Derjaguin Formula for Contact Angle Prediction | Explained and Illustrated

[LouisD]

Hi everyone,
Decades ago, Derjaguin calculated formula which was able to predict the contact angle of a droplet on a solid substrate. The droplet and the solid substrate are separated by a thin liquid interlayer.
This formula was

cos(θ) = 1 + G(h0)/γ

where θ is the contact angle of the droplet on the solid substrate, h0 is the equilibrium distance between the droplet and the droplet (i.e the width of the thin liquid interlayer) and γ the surface tension of the liquid (water here).
The calculation of G(h0) leads to the following expression :

G(h0) = - A/(12.\pi.h0²)

with A the Hamaker constant of the system. This energy corresponds to the Lifshitz energy.
Here is my question : When you're calculating the Lifshitz energy between two materials (solid or liquid) you need to have between them a liquid or a gas. In this case, you just have air-water-solid substrate. I don't understand how it is possible to calculate the energy then, can somebody help me with that ? As I'm not a very good english speaker, I hope my question is clear otherwise don't hesitate to ask me to clarify any details.

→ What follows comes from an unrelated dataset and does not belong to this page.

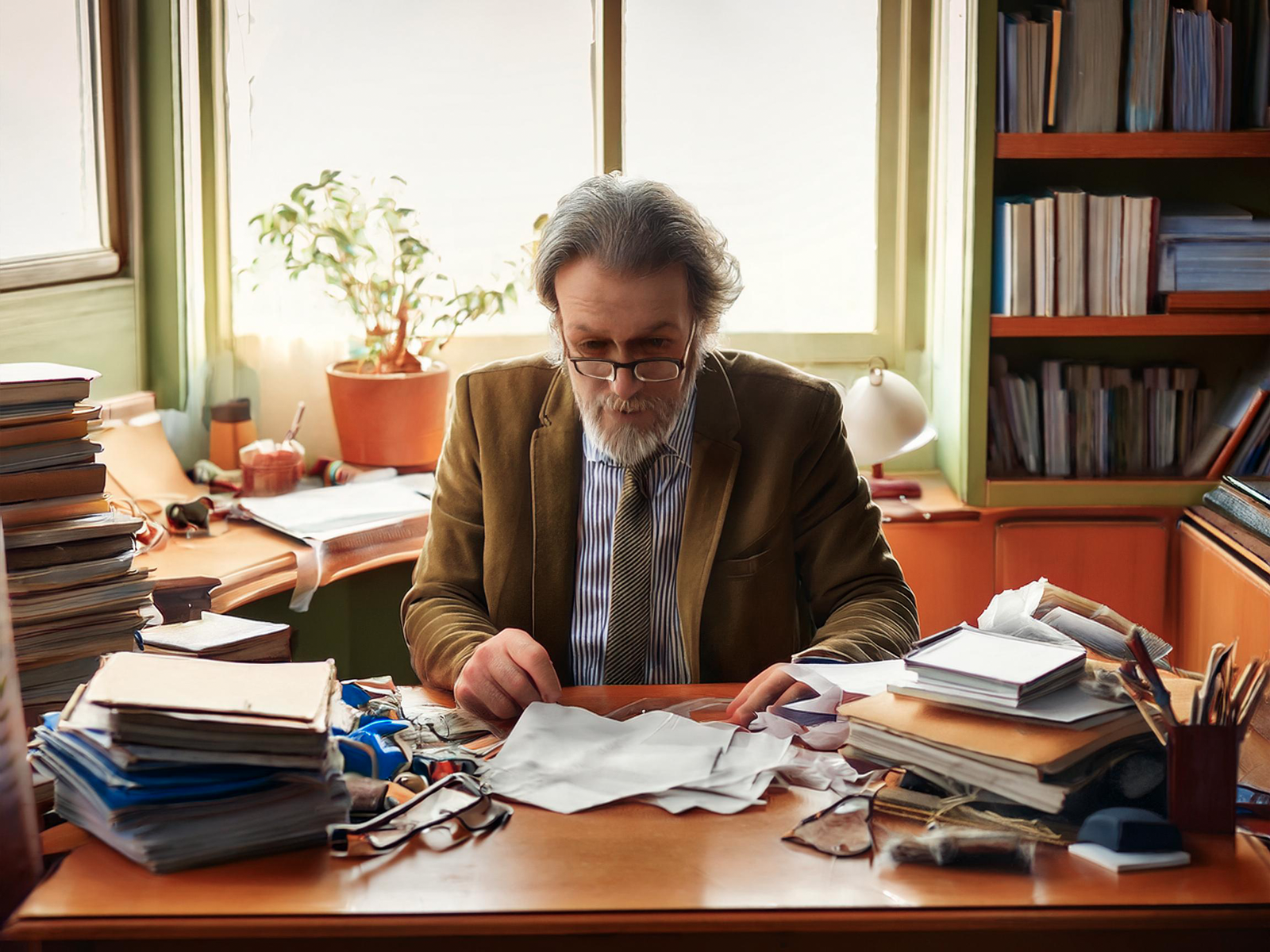Dieses schöne Bild, das ich eben mit Photoshop 2025 generiert habe, zeigt das Arbeitszimmer eines Lehrers, der an einem extrem unaufgeräumten Schreibtisch sitzt. So ähnlich sieht das bei mir auch aus, während ich gerade diesen Text schreibe.

For more detail one this, http://arxiv.org/pdf/1212.6583.pdf

Thanks you

 

[Greg Bernhardt]

I'm sorry you are not generating any responses at the moment. Is there any additional information you can share with us? Any new findings?

 

[hilbert2]

I needed the Derjaguin formula several times when I was writing my master's thesis on the behavior of thin liquid films on solid substrates. The formula we used was $\cos \theta = 1 + \frac{1}{\gamma}\int_{h*}^{\infty}\Pi (h)dh$, where $\theta$ is the contact angle, $\gamma$ is the surface tension, $h^*$ is precursor film thickness and $\Pi (h)$ is the disjoining pressure as a function of film thickness.

I'm not sure I really understand LouisD's question... What is Lifshitz energy? What do you mean by needing to have something between the two phases for which the energy is calculated?

 

[itaischles]

I think I understand your question. The disjoining pressure in your case is made of van der Waals energy (specifically - London-Lifshitz dispersion forces). You said yourself that there is a thin film between the substrate and the liquid. In that case that is the medium which is used in the formula. The air plays no role here since it is far above the surface and you can probably assume infinite thickness for the liquid.